Most powders you’ll find in the spice aisle at your grocery store aren’t as concentrated as a quality cinnamon extract. You can get cinnamon extract in capsules or liquid form at most health food stores.

1. May Reduce Inflammation

Inflammation is a natural response from the immune system that helps you heal from injury or infection. However, when inflammation becomes chronic, it is linked with a variety of health problems such as obesity, heart disease, and cancer (5).

Turmeric and cinnamon are both potent anti-inflammatories that may help reduce chronic inflammation (7) (24).

Studies have shown that curcumin (the active ingredient in turmeric), gingerol (the active ingredient in ginger), and cinnamaldehyde (the active ingredient in cinnamon) all have anti-inflammatory properties (4).

2. May Boost Cognitive Function

Turmeric and cinnamon tea may also help improve cognitive function. Curcumin has been shown to improve working memory and mood in healthy older adults by at least one randomized controlled trial (19).

Cinnamon has also been shown to improve cognitive function by improving memory and learning. It also has neuroprotective effects as it helps prevent cognitive impairment (8).

turmeric and cinnamon  

3. May Improve Digestive Health

The anti-inflammatory properties of turmeric and cinnamon tea are believed to encourage a healthy gut microbiome that’s essential for digestion. 
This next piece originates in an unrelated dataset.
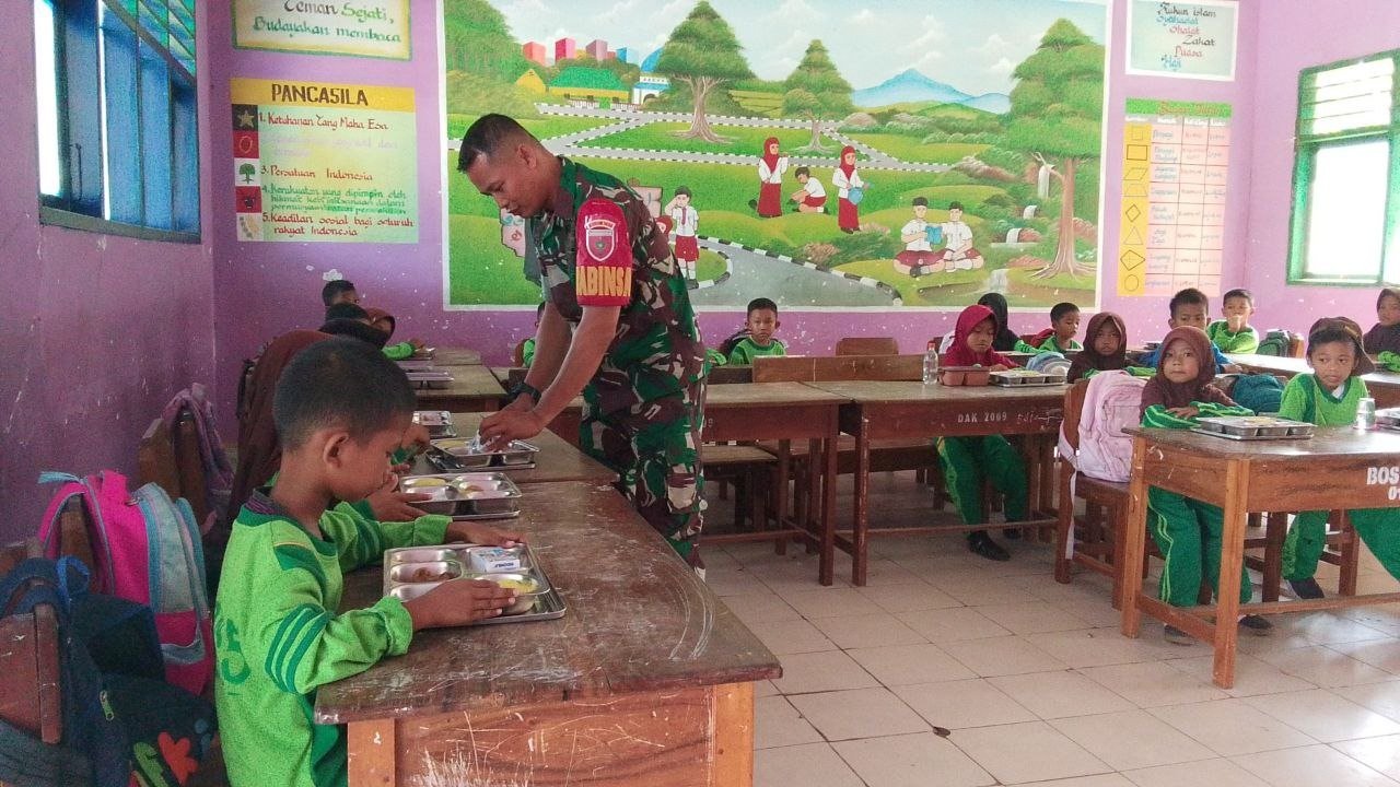 Dukung Program Pemerintah, Babinsa Dampingi Pembagian Makan Bergizi Gratis

Turmeric has traditionally been used for treating various digestive ailments, including dyspepsia, abdominal pain, familial adenomatous polyposis, inflammatory bowel disease, and colon cancer (24). 

In addition, cinnamon extract is said to reduce the symptoms of irritable bowel syndrome (IBS) (3). 

4. May Protect Against Infection

Turmeric and cinnamon tea may also help protect against or fight infection. Based on test tube studies, curcumin may have antimicrobial activity against specific pathogens (13).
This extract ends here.